The available commands and options change per backend: when a command is not implemented for the selected backend it is dropped from ec --help entirely. So the output of ec --help reflects whichever backend is currently active.

export EC_CLI_BACKEND=K8S
ec --help        # shows only the commands the K8S backend implements

For the authoritative, per-command reference, see the edge-containers-cli documentation.

ARGOCD (default)#

This is the production continuous-deployment path used at DLS. The services repository describes IOC instances as Helm charts, but ec does not deploy them directly. Instead a companion deployment repository records which version of each service should be running, and ArgoCD — a Kubernetes-native tool that keeps a set of Helm charts in a git repository in sync with the cluster — continuously reconciles the cluster to match it.

With this backend ec deploy <service> <version> works by committing the chosen version into the deployment repository; ArgoCD then rolls it out. Here EC_TARGET is app-namespace/root-app (the namespace hosting ArgoCD plus the name of the root app-of-apps Application).

K8S#

You are not required to use ArgoCD; the K8S backend uses Helm directly. ec adds version-management features on top of Helm that to some extent replicate ArgoCD’s ability to track versions, but without the git-driven audit trail.
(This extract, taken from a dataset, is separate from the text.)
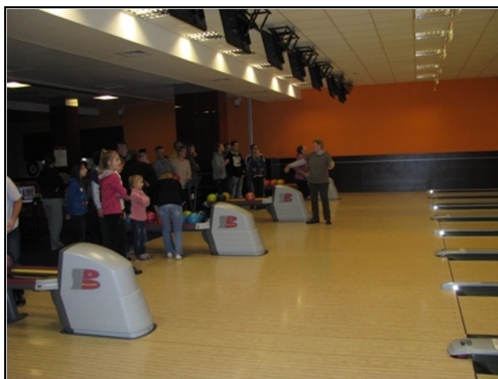
Pobyt na kręgielni był ukoronowaniem działań w projekcie.

o charakterze edukacyjnym, kulturowym, sportowym, ekologicznym czy turystycznym.

With this backend EC_TARGET is simply the Kubernetes namespace to deploy into. ec deploy <service> [version] shallow-clones EC_SERVICES_REPO at the requested git tag and runs helm upgrade --install on the service’s chart; ec template and ec deploy-local operate on a local chart instead. Lifecycle commands map onto cluster operations — start/stop scale the StatefulSet, ec delete runs helm delete, and ec logs/ec exec/ec attach use kubectl.

DEMO#

The DEMO backend simulates a cluster in memory so you can explore the ec command set without any infrastructure. It is used by the introductory tutorials and for experimenting offline.